My mom’s co-worker scores some free tickets to an NBA game on New Year’s day, so our whole family went.

As my dad and I sat in the family room waiting for my mom and sister, a hockey game came on TV.  It was the “Winter Classic” – an arena had been set up in the football stadium in Pittsburgh so a few thousand extra fans could watch the Penguins be out-skated by the Capitals.

A few hours later, as I sat in my squeaky chair to watch some guys bounce a ball up and down a court, I was struck by the absurdity of pro sports.

Here before me were a few dozen men, each being paid a few million dollars per year.  To toss an orange ball around in front of spectators.  Same with those guys I saw earlier smacking a black piece of rubber with sticks.

They’re good at what they do.  Arguably, they’re among the best at what they do – which is why they play in the NBA or NHL.  And they’re getting paid millions to do it.

Me?  I have some moderate talents in a few areas.  I’m pretty good at crafts and cooking – though I don’t get paid for those.  At my work, I’m a whiz at pulling together complicated schedules to get a number of executives in the same place at the same time.  Oh, and kludging together impressive data, reports, and graphics using Microsoft Office and MS Paint.
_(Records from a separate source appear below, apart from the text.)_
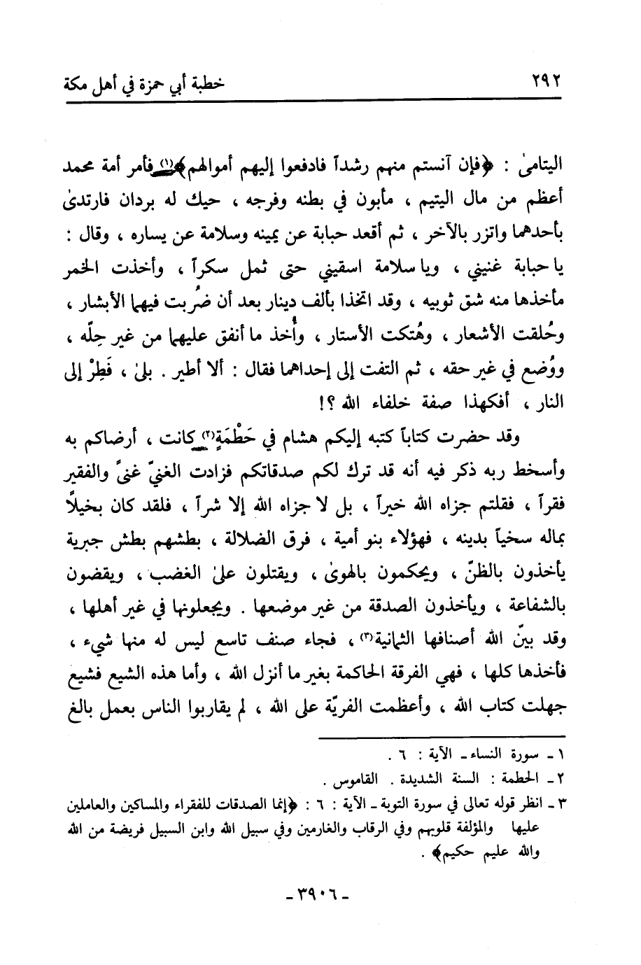 يا حبابة غنيني، ويا سلامة اسقيني حَتَّى ثمل سكرًا، وأخذت الخمر مأخذها منه شق ثوبيه، وقد اتخذ بألف دينار بعد أن ضُربت فيهما الأبشار، وحُلقت الأشعار، وهُتكت الأستار، وأُخذ ما أنفق عليهما من غير حِلّه، ووضع فِي غير حقه، ثُمَّ التفت إلى إحداهما فقال: ألا أطير. بلى، فطر إلى النار، أفهكذا صفة خلفاء الله؟! وقد حضرت كتابًا كتبه إليكم هشام فِي حَطْمَةٍ [2] كانت، أرضاكم به وأسخطَ ربه ذكر فيه أَنَّهُ قد ترك لكم صدقاتكم فزادت الغنيّ غنًى والفقير فقرًا، فقلتم جزاهُ الله خيرًا، بل لا جزاهُ الله إلا شرًا، فلقد كَانَ بخيلا بِماله سخيًّا بدينه، فهؤلاء بنو أمية، فرق الضلالة، بطشهم بطش جبرية يأخذونَ بالظن، ويحكمونَ بالهوى، ويقتلونَ عَلَى الغضب، ويقضونَ بالشفاعة، ويأخذونَ الصدقة من غير موضعها. ويجعلونَها فِي غير أهلها، وقد بيّن الله أصنافها الثمانية [3] ، فجاء صنف تاسع ليس له منها شيء، فأخذها كلها، فهي الفرقة الحاكمة بغير ما أنزلَ الله، وأمّا هذه الشيع فشيع جهلت كتاب الله، وأعظمت الفرية عَلَى الله، لم يقاربوا الناس بعمل بالغ
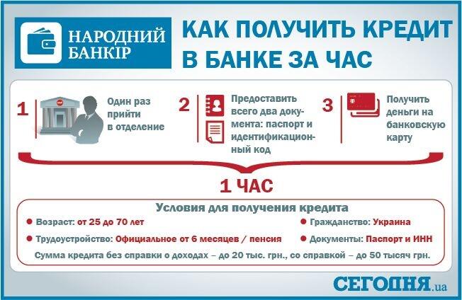 Получить средства сейчас можно за один визит в банк за один час. При оформлении кредита на сумму до 20 тысяч гривен необходимо предоставить всего лишь паспорт и код. Для кредита размером до 50 тысяч гривен необходимо предоставить справку о доходах с работы. Чтобы взять беззалоговый кредит, можно сразу прийти в отделение с документами, а можно сначала оформить заявку на сайте банка – заполнить простую форму, в которой указать имя, возраст, номер телефона и вид трудоустройства. После этого клиенту перезвонит менеджер и поможет оформить промежуточную заявку для получения кредита. Если предварительно решение банка о кредите может быть положительным, клиент выберет удобное отделение банка и время визита, чтобы прийти с паспортом и ИНН и оформить кредит.
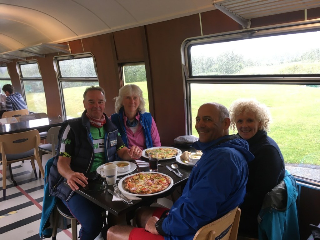 Another windy, drizzly (the type that drenches you) hour later we had joined Carol and Jill at the lunch stop rendezvous- the Highland Heritage Centre cafe/ restaurant housed in two railway carriages.
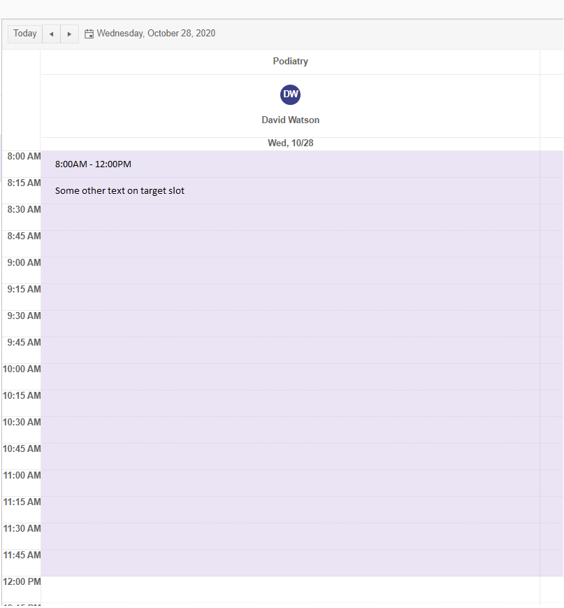 I know you can use kendoSchedulerTimeSlotTemplate like below, but this will apply text to all slots, and it doesn't have any access to the resource/grouping information, only date information is available?
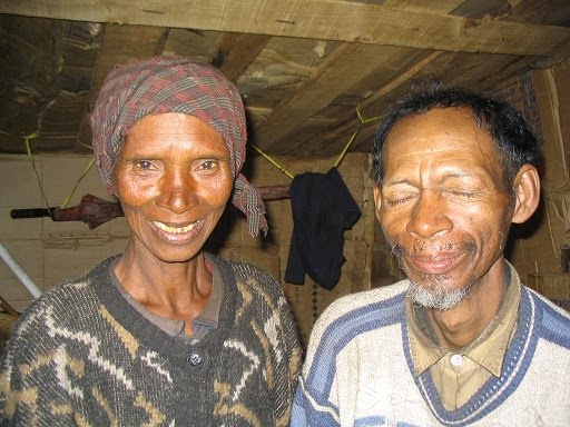 Je vais aussi vous parler de notre petit couple : le grand père aveugle et sa femme. Je n’ai pas de photo 2010 à vous montrer car il aurait été indécent de prendre des photos de notre petit papa squelettique, mourant au premier étage (où l’on accède par une échelle) de sa mini-maison à la campagne (à 4h de marche d’Antsirabe). Il ressemble à ces vieilles photos des hommes prisonniers des camps de concentration de la 2e guerre mondiale. Couché à même le sol, malade depuis le mois de février, il n’arrive pratiquement plus à s’alimenter. Sa petite femme, court partout et s’occupe de lui, heureusement qu’elle a un courage et un enthousiasme époustouflant, elle est son dernier petit rayon de soleil… Il a refusé que nous l’emmenions en voiture jusqu’à l’hôpital, il souhaite mourir chez lui… Bonjour tristesse.
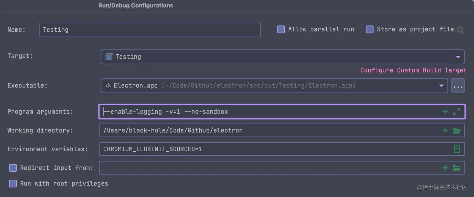你如果想使用自编译的 electron 打开自己的应用,直接在 Program arguments 里添加你的应用的地址即可
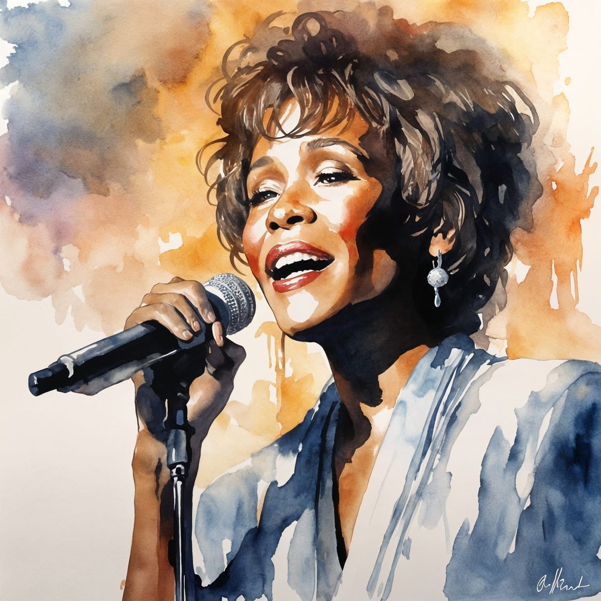 This image shows a soft watercolor portrait of Whitney Houston. The artwork captures her essence with delicate brushstrokes and a gentle color palette, creating a serene and artistic representation.
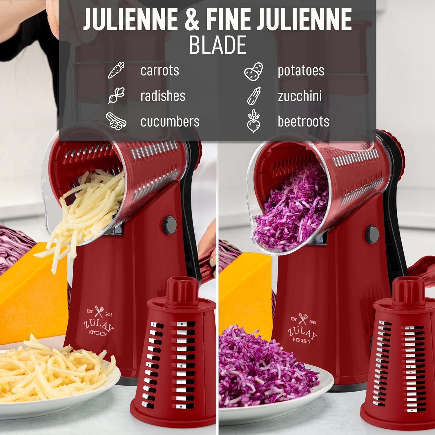 Zulay Kitchen Rotary Cheese Grater 5 Blade Cheese Shredder - Manual Hand Crank Cheese Grater With Reinforced Suction & 5 Interchangeable Drums - Easy to Use, Vegetable Chopper Round Mandoline Slicer
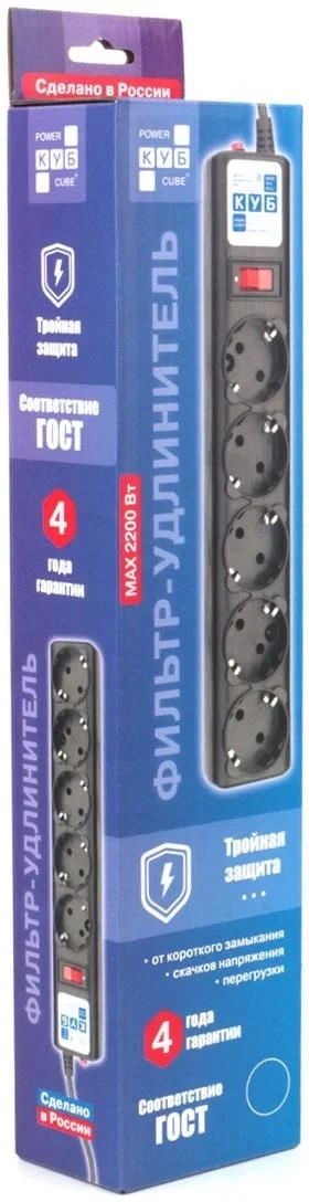 | Особенности | 5 розеток с заземлением. однополюсный выключатель со световой индикацией. автоматический, многоразов |

I imagined myself in the middle of a packed stadium, brow furrowed as I dig through a complicated-yet-nearly-organized mess of Excel worksheets to find a missing hundred grand from a $12 million budget – as I did earlier that New Year’s day.

The crowds would be cheering and groaning as I deftly adjusted – or misadjusted – formulas with the casual but learned flick of the mouse.
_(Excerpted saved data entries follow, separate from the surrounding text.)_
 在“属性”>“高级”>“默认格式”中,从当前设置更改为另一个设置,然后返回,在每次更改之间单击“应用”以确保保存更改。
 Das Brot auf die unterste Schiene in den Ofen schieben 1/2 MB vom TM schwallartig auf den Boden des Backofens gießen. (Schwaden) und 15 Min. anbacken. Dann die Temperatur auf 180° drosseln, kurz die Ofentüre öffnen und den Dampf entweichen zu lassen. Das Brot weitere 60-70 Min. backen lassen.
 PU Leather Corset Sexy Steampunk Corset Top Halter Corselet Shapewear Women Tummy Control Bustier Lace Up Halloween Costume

Bright, computerized displays around the perimeter would encourage the fans to chant “Key-board short-cuts!” *clap, clap, clap clap clap*

A few would wear jerseys with my name emblazoned on the back, and the most devoted will have full body paint – in red and lime of course (my favorite colors).
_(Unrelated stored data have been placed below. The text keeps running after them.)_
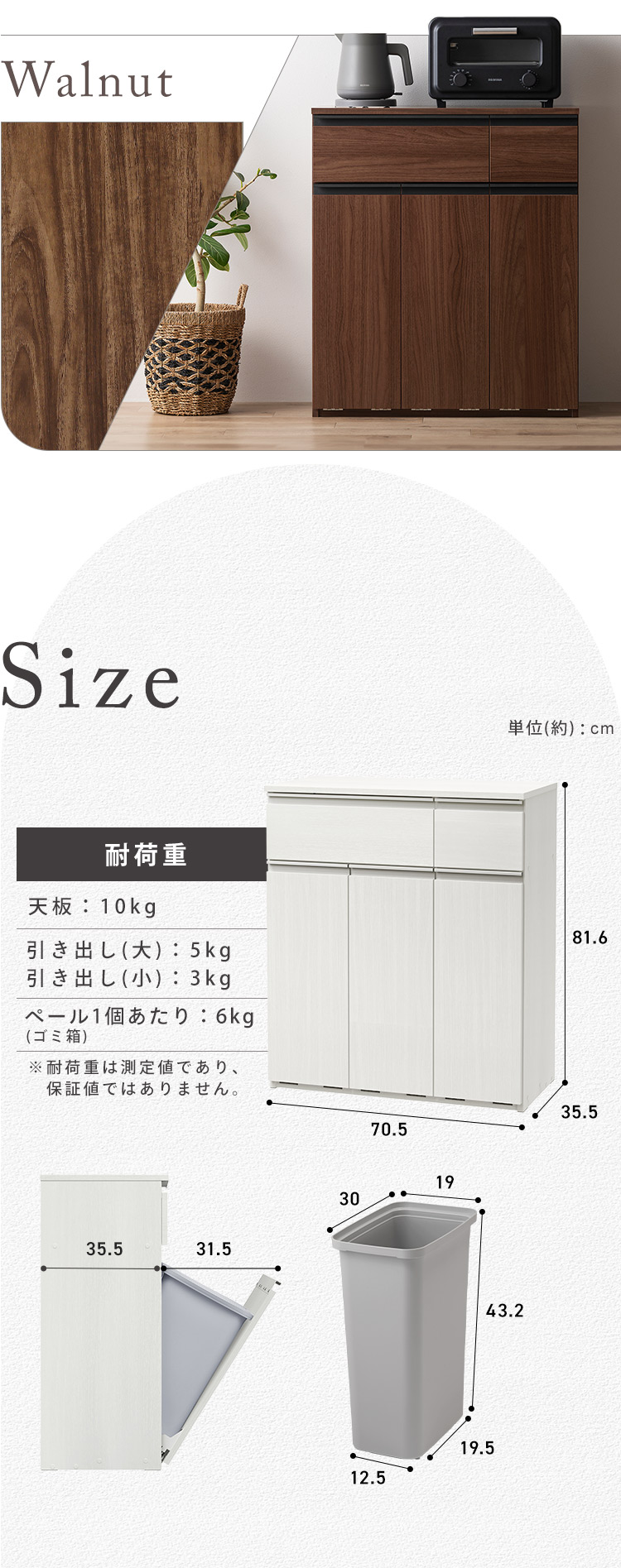 (検索用:キッチンカウンター・ゴミ箱・おしゃれ・幅70.5・奥行35.5・高さ81.6・キッチンラック・ゴミ箱付き・キッチンボード・キッチン収納・カウンター・ダストボックス・3分別・キッチン棚・新生活・ペールカウンター・PKT-8670R・アイリスオーヤマ・4967576818018・4967576818032・4967576818049・アイリスオーヤマ)
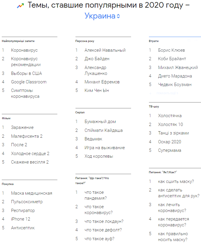 И это мы говорим о молодых людях, которые активно пользуются соцсетями - а не старшем поколении. Как видно из топовых украинских запросов Google за прошлый год, картина для украинизаторов и в перспективе - латинизаторов складывается удручающая.
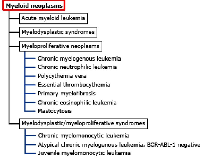 Myeloid neoplasms • Acute myeloid leukemia (AML) and related precursor neoplasms • Myelodysplastic syndrome • Myeloproliferative neoplasms • Myelodysplastic/myeloproliferative neoplasms
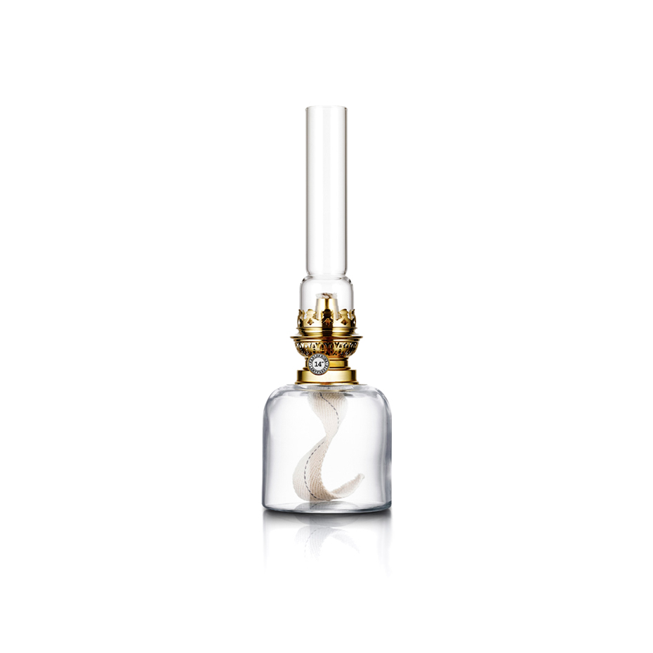 Höjd: 38 cm Ljuskälla: 14' rundbrännare Material: Mässing/Glas
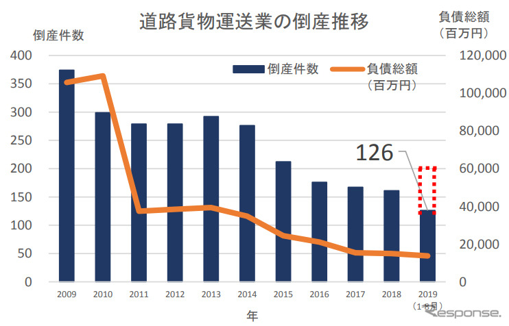 2019年の道路貨物運送業者倒産件数 6年ぶり増加の可能性大 帝国データバンク調べ レスポンス Response Jp
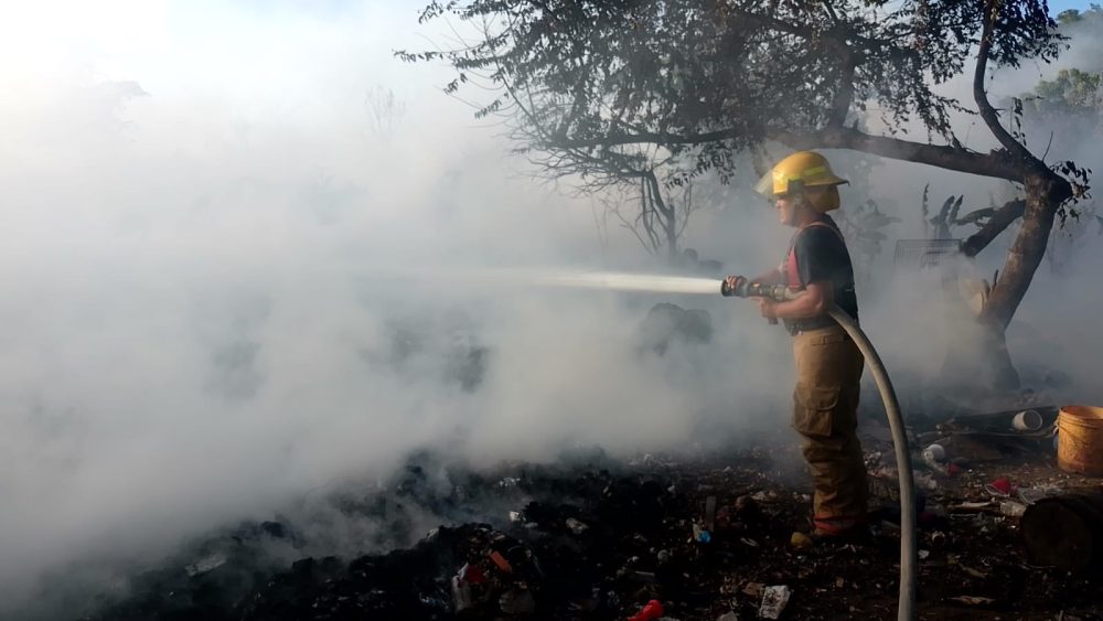 👩‍🚒Cuando los agentes arribaron al lugar, se percataron de la presencia de las llamas que se propagaban hacia el plantel y hacía unas viviendas aledañas, por lo que se extinguieron las llamas mediante el uso de una motobomba.
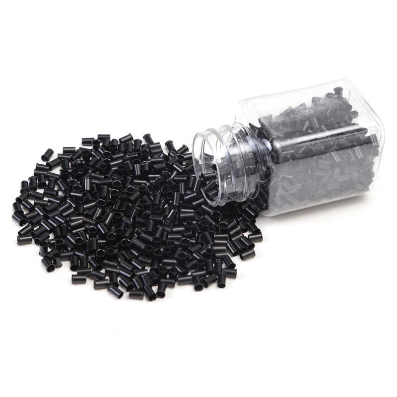 Vlasy 3.4mm Microlink Beads Non-Silicone Copper Tubes Beads Locks Micro Link Ring Tube (1000Pcs, Black)

Hundreds of people would have jobs due to me – selling over-priced jerseys and tubs of stale popcorn, filming the action to be projected on the JumboTron, coaching and managing my career, and dancing in spandex during my snack breaks.

Some would chatter in stands about how they’ve followed me from the early days and knew my strategies.  “Oh, see?  She’s setting up an extra sheet for manually checking the 400 accounts.  That’s her M-O.  It would be tedious for most, but- Wow!  Nice!  She’s sorting by sub-account numbers and departments to find the discrepancies on the summary sheet!  Brilliant!”

And at the end, I’d give an interview for the local news station from the locker room – “It was tough, you know?  You spend hours setting up the master sheet and never know what’ll happen when you ask folks to fill in the numbers.  But, you know, I just kept my head and slow and steadfast progress pulled me through.  I think we’ll be ready to face the board of directors.” – and pull my Hummer out of my assigned parking space to head home to my multi-million dollar loft.

The difference between my performance and those athletes is that at the end I’ve created something usable that will impact the lives of thousands of our customers.  They’ve entertained a crowd – for $50 a head plus $10 for parking.

Don’t get me wrong, I enjoy sports – probably more than your average female – and I was cheering as loud as everyone else when we had a particularly impressive assist.

Maybe the reason everyday people aren’t acknowledged for their talents and abilities is simply because we don’t have an arena to perform in.